The technique of impersonating a user requires that Content Analytics maintains 
the credentials of the user to each specific back-end repository. Similar to how 
the user might be asked to identify themselves to the original enterprise 
repositories to perform an action, Content Analytics requires the same 
credentials for any documents in the index that require authorization. The 
multiple security credentials of a user are prompted for and stored by Content 
Analytics in a user registry. The information is then retrieved when the user 
establishes a session in the text miner application. 

By not knowing in advance the types of results that might be generated from text 
mining (and then the back-end repositories that will be impersonated), all 
security credentials must be supplied on each individual search. In addition to the 
security credentials, the groups to which the user belongs must be provided. 


Data encryption 

A fourth area of security employed by Content Analytics is data encryption. 
During the administration of a text analytics collection, instances exist where the 
administrator is asked to provide sensitive information such as passwords used 
by the crawlers to access the back-end data sources. All supplied passwords are 
masked when they are entered or displayed in the administration console. 

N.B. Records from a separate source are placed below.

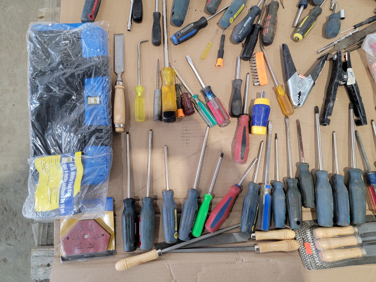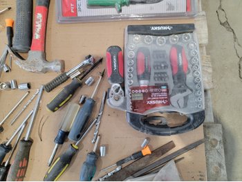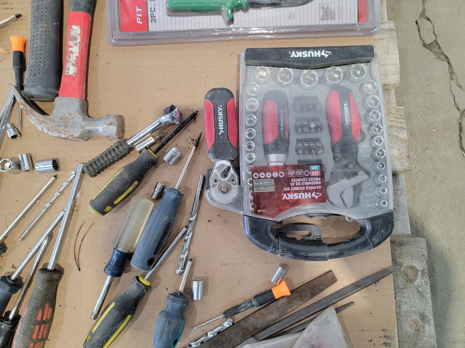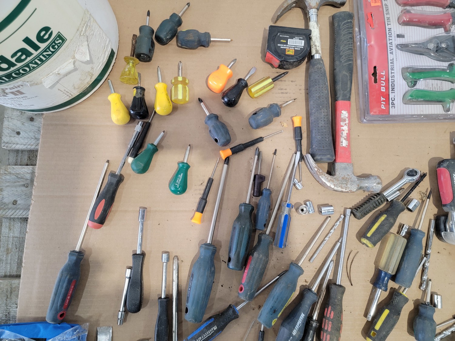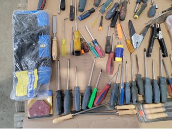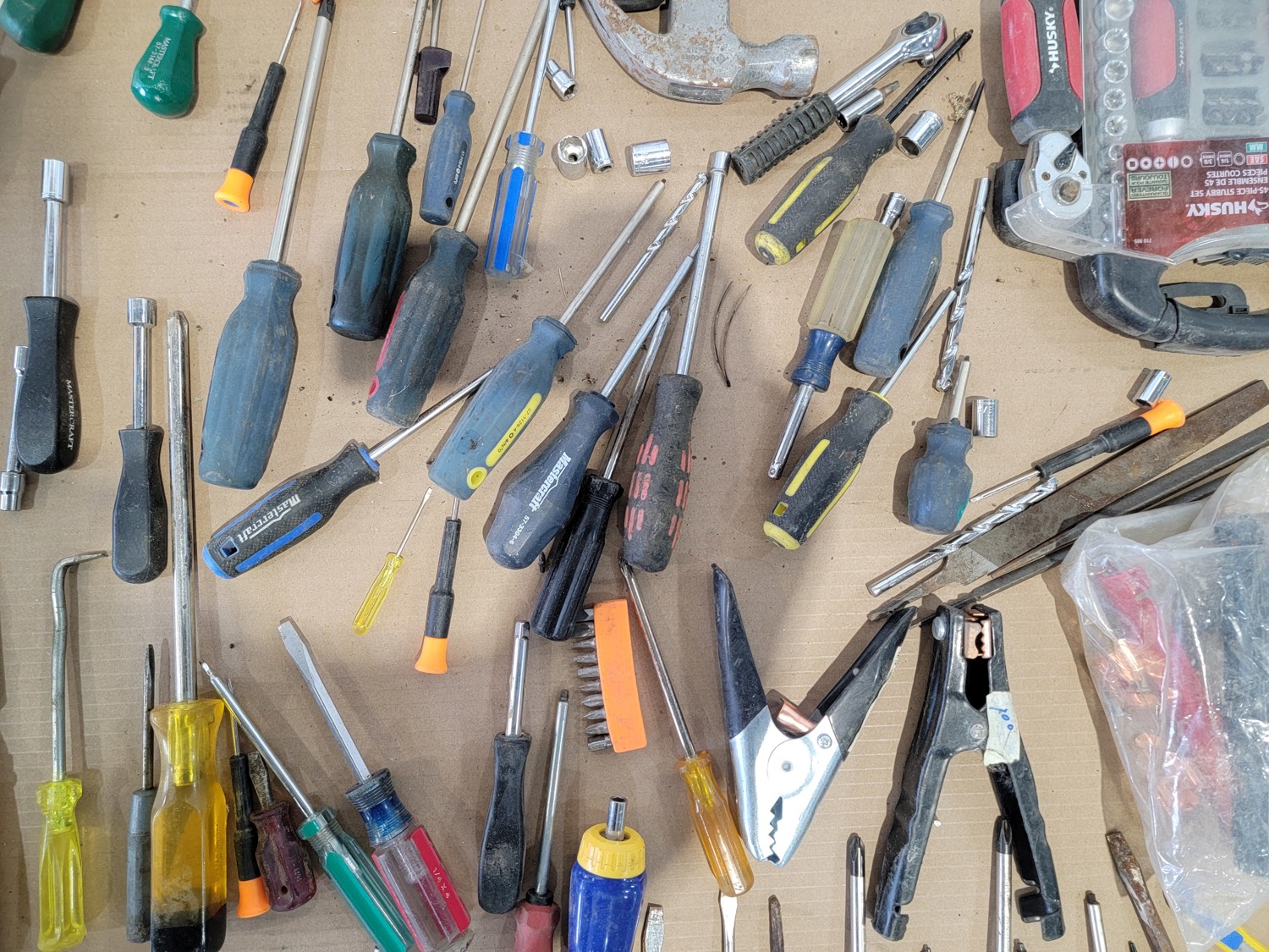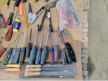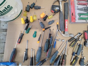screwdrivers, tin snips, Husky stubby set, files, hammers, measuring tape
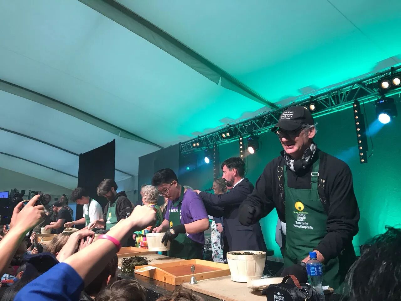 比赛当天的小镇的确是热火朝天。这里不仅有开蚝比赛,还有盛大的美食大趴,假面舞会和家庭狂欢活动。全球的生蚝爱好者济济一堂,大啖香槟、黑啤、海鲜,三天可以消耗300多万只生蚝。Wen告诉我,这一切其实源于63年前的一个小聪明。
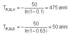 Nel nostro caso, tenendo conto della classe d’uso (II) e del periodo di riferimento (50), per SLV ed SLD si ottiene:
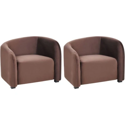 Modern Velvet Set of 2 Accent Chairs. This set of 2 armchairs combines modern style with comfortable seating, making it a standout element in any living room. Eucalyptus wood frame provides stability, while the soft velvet upholstery enhances comfort with its generously sized seat. The curved silhouette and barrel-inspired form add a contemporary touch. Fully upholstered on all sides, each armchair can be positioned anywhere in the room, serving as an eye-catching focal point. Details: Product Type: Armchair Style: Modern General Color: Brown Shade: Dark Brown Material Type: Fabric Main Material: Velvet Additional Material: Eucalyptus Wood Filling Material: Foam Legs material: Wood Seat Material: Velvet Material Composition: 100% Polyester Arm Style: Track Armrests: Yes Leg Caps/ Pads: No Pattern: Solid Reclining: No Seat Construction: Elastic Belt Seat Foam Density: 28 kg/m3 Dimensions: Armrests Height: 62-72 cm Depth: 86 cm Seat Thickness: 40 cm Seat Height: 45 cm Width: 95 cm
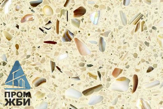 В остальном раствор для изготовления плит терраццо похож на бетонный. В качестве связующего компонента выступает портландцемент белого или серого цвета, для более богатой палитры используют также пигменты, которые вносят в массу.
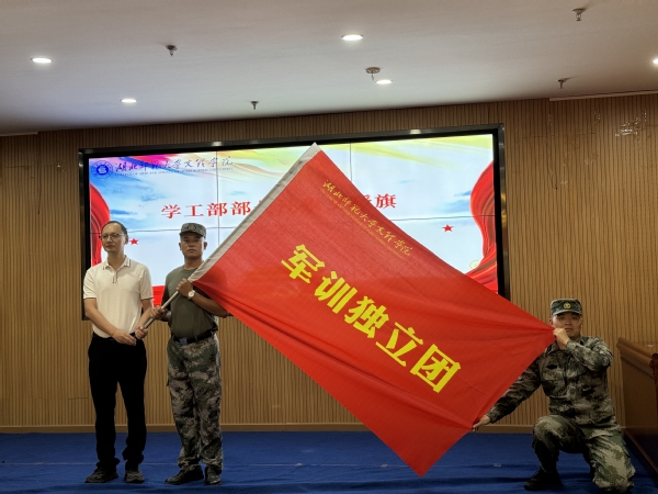 学工部部长汪崇文为军训独立团授旗,独立团团长接旗。
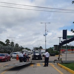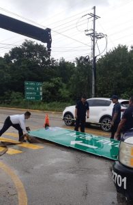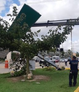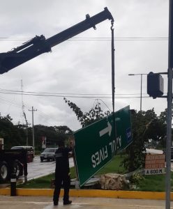 Playa del Carmen, Q. Roo, Lunes 05 de Octubre del 2020, poderycrítica.- Como parte de las tareas de prevención por los efectos de la tormenta tropical «Gamma», elementos de la dirección de Tránsito Municipal removieron una señal de bandera que estaba a punto de caer sobre el bulevar Playa del Carmen y la avenida Xcalacoco.
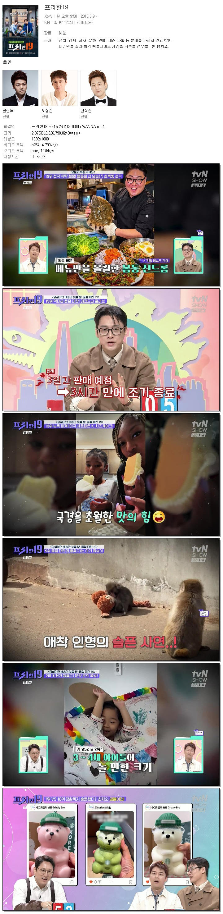 | [TVNSHOW] 프리한19.E515.260413.1080p.WANNA[전현무, 오상진].mp4 | 2.1 G | 00:59:25 | 1920x1080 |
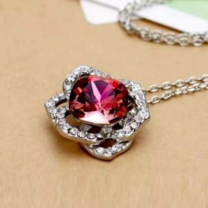 BNIB! NEOGLORY SWAROVSKI CRYSTAL & AUDEN RHINESTONE ROSE PENDANT - PLATINUM PLTD
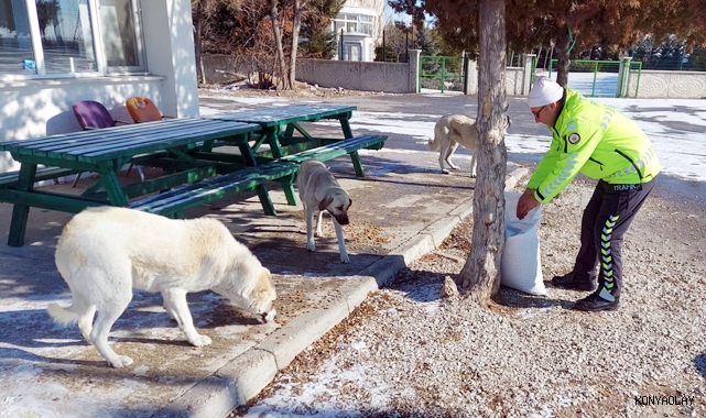 Konya İl Emniyet Müdürlüğü Bölge Trafik Denetleme Şube Müdürlüğü ekipleri zorlu kış şartlarında yiyecek bulmakta zorlanan sokak hayvanları için çalışmalarını sürdürüyor.
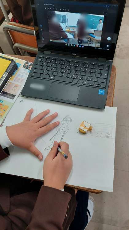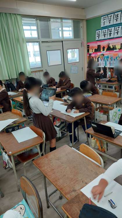 図画工作科では「忘れられない気持ち」を絵に表して描いています。まず、どんな出来事があって、その時に自分はどんな気持ちだったのかを考えました。そして、その気持ちが伝わるように、絵の構図を考えました。自分を描くために、タブレットのカメラを活用しました。
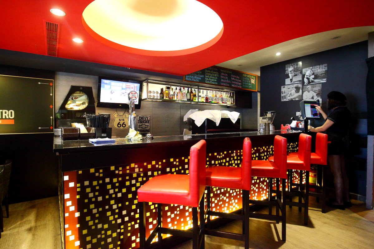 Bangles Bistro 班格斯西式餐館的用餐區域十分寬敞舒適,紅黑色調裝潢加上許多美式搖滾風格元素,還有設置吧檯的位置,牆上設置了液晶電視,撥放著美國大聯盟MLB的賽事,氣氛讓人感到十分輕鬆休閒
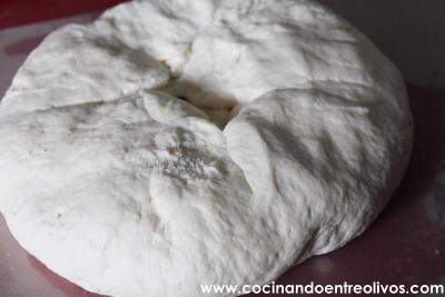 Ponemos la masa en la encimera, ligeramente enharinada, formamos una bola que aplanamos.
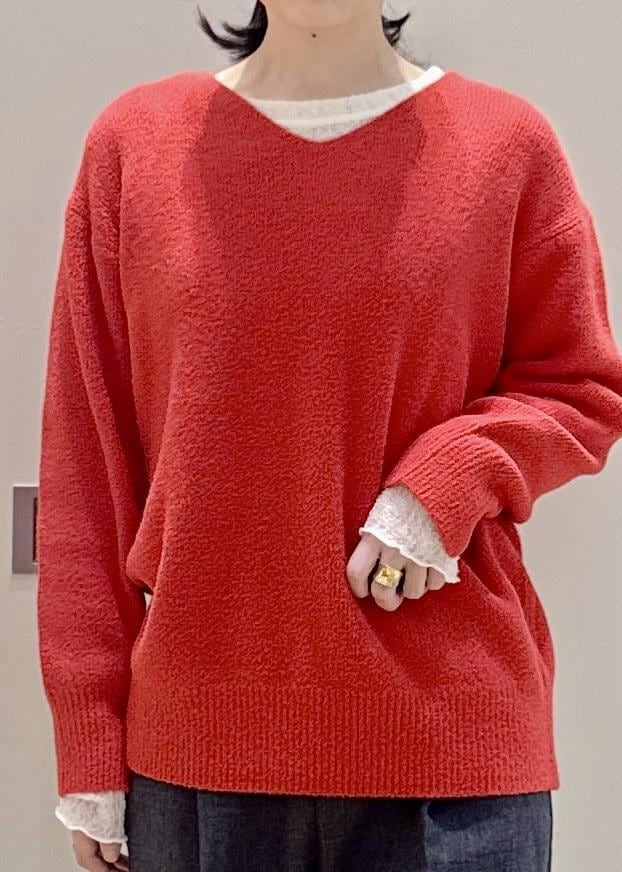 袖も身頃もゆったりとした着心地で、さらにVネックなのでシャツやシアートップスと重ねても合わせやすいです◎
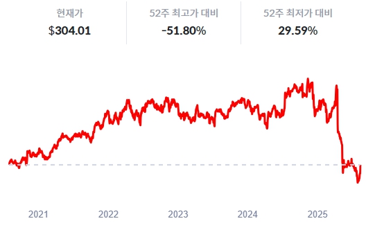 (이미지: 유나이티드헬스케어 주가 추이 / 자료: 스탁 투나잇)

In addition, the passwords are further encrypted by using industry-proven 
techniques before being stored in the configuration database. Encryption 
provides additional protection of the passwords even if access is gained to the 
Content Analytics machines. 

The content stored in a text analytics collection is not encrypted. The reason is 
primarily due to performance concerns because it might be too time consuming 
to decrypt content during a typical analytic session. A text analytics collection is 
in a form that supports high-speed text analysis and discovery and is not easily 
discernible by a person.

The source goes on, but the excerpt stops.